I've done a fair bit of testing, even forcing Flash 10 to use setTimeout() for idle events. Everything seems fine to me!

An edge case would be where folks are using both setTimeout() and idle events to do precise timing. This isn't very common - both my own physics library and the built-in animators seem to handle this fine.

Regards,
Max Carlson
OpenLaszlo.org

On 9/4/10 9:24 AM, P T Withington wrote:
I've not, but as I explained in my previous reply, I think the kernel is already 
programmed to deal with "jitter" in the interval timer, and the way they have 
implemented this, it just makes your interval timer appear to have (up to) .5sec of 
jitter when you are in the background, so I feel we should be ok.

On 2010-09-04, at 11:56, Raju Bitter wrote:

I'm not sure that all the changes Adobe has done for Flash 10.1 will leave
OpenLaszlo and LFC unaffected, since throttling down to 2 fps is quite a
change for the whole application. Has anyone done some testing?

On Sat, Sep 4, 2010 at 5:47 PM, Raju Bitter<
[email protected]>  wrote:

There has been major change in the way Flash handles timing for the 10.1
release of Flash Player for desktop browsers as well:
http://www.kaourantin.net/2010/03/timing-it-right.html

In Flash Player 10.1 SWFs on hidden tabs are limited resource wise. Whereas
they would run at full speed in Flash Player 10.0 and before (note though
that we NEVER rendered, we only continued to run ActionScript, audio
decoding and video decoding), we now throttle the Flash Player when a SWF
instance is not visible. Doing this change was not easy as I had to add many
exceptions to avoid breaking old content. Here is a list of some of the new
rules:

Visible:


   - SWF frame rates are limited and aligned to jiffies, i.e. 60 frames a
   second. (Note that Flash Playe 10.1 Beta 3 still has an upper limit of 120
   which will be changed before the final release)
   - timers (AS2 Interval and AS3 Timers) are limited and aligned to
   jiffies.
   - local connections are limited and aligned to jiffies. That means a
   full round trip from one SWF to another will take at least 33 milliseconds.
   Some reports we get say it can be up to 40ms.
   - video is NOT aligned to jiffies and can play at any frame rate. This
   increases video playback fidelity.

  Invisible:


   - SWF frame rate is clocked down to 2 frames/sec. No rendering occurs
   unless the SWF becomes visible again.
   - timers (AS2 Interval and AS3 Timers) are clocked down to 2 a second.
   - local connections are clocked down to 2 a second.
   - video is decoded (not rendered or displayed) using idle CPU time
   only.
   - For backwards compatibility reasons we override the 2 frames/sec
   frame rate to 8 frames/sec when audio is playing.

  Check the screenshots at the bottom of this blog post, where you see
memory usage and cpu load or an SWF running in a visible and, and an
invisible tab.
CPU load goes down 13 from 42, memory usage goes down to 80mb from 250mb.


On Sat, Sep 4, 2010 at 2:48 PM, P T Withington<[email protected]>  wrote:
On 2010-09-04, at 06:45, Raju Bitter wrote:

Is there code inside the LFC which will run into problems with such a
low framerate?

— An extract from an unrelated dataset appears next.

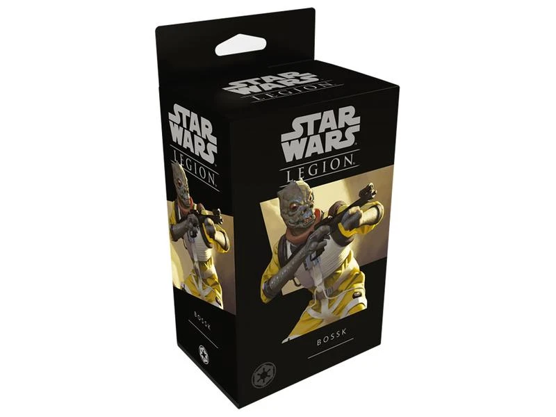 Die Agenten-Erweiterung Bossk enthält eine unbemalte, leicht zusammenbaubare und bis an die Zähne bewaffnete Bossk-Miniatur. Mit seinem charakteristischen Outfit und zwei unterschiedlichen Posen (mit erhobenem Mörser-Gewehr oder dabei, eine Ladung Dioxis zu werfen) wird Bossk sicher jeden Gegner einschüchtern. Zusammen mit der Einheitenkarte und den Aufwertungskarten, die Sie brauchen, um ihn für den Kampf voll auszustatten, werden Sie Bossks drei charakteristische Kommandokarten finden, die Ihnen bei Bedarf Zugriff auf noch mehr Waffen und Taktiken ermöglichen.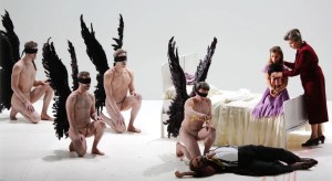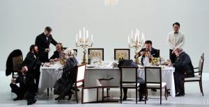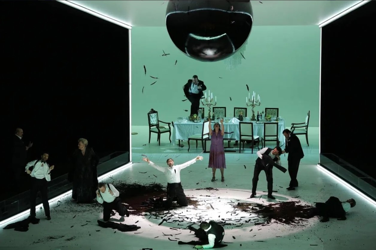 I found Michieletto’s quite dispassionate and ambiguous treatment of the narrative to be utterly compelling. Particularly so as Salome lusted after a Jochanaan who may have had more in common with her father than might first appear. Michieletto had Wolfgang Koch’s Jochanaan damning Salome while standing atop a plinth with the name Herodes Philippus on it. By setting out this darkness that lies below the surface of family life, the demons within, Michieletto makes us question what would help us to cope with horrors at home. Would it be religious imagery: the dead lamb, the cup of blood, or the head of Jochanaan looking as it had been brought straight over from one of the local catholic churches? Or would it be the winged angels, portending a different place, perhaps imminent death. He achieves this through some stunning stage pictures – including during the dance as Salome loses herself in a dress that appears to be dripping fabric streams of blood. So much is intimated, so much is suggested. Michieletto makes us think and makes each audience member find their own reading in what they see. This is highly intelligent music theatre.

Could objects be destroyed in such a case? How would
you handle such a situation within an OL app?

OL does expect to be able to set the player framerate for media playback;
but from what you say, this is _not_ affected when media is playing and you
are backgrounded.

OL also has an abstract notion of framerate that corresponds to the idle
polling rate, pretty much for legacy reasons.  Depending on how the player
implements interval timers, it is possible that OL will defeat the attempt
to lower the framerate when the applications is backgrounded (since it
installs an interval timer callback at the canvas or default framerate).
Maybe the player takes the liberty of adding jitter to the interval timer
when backgrounded automatically.  If not, then the OL kernel should take
notice of these deactivate events and 're-nice' itself appropriately.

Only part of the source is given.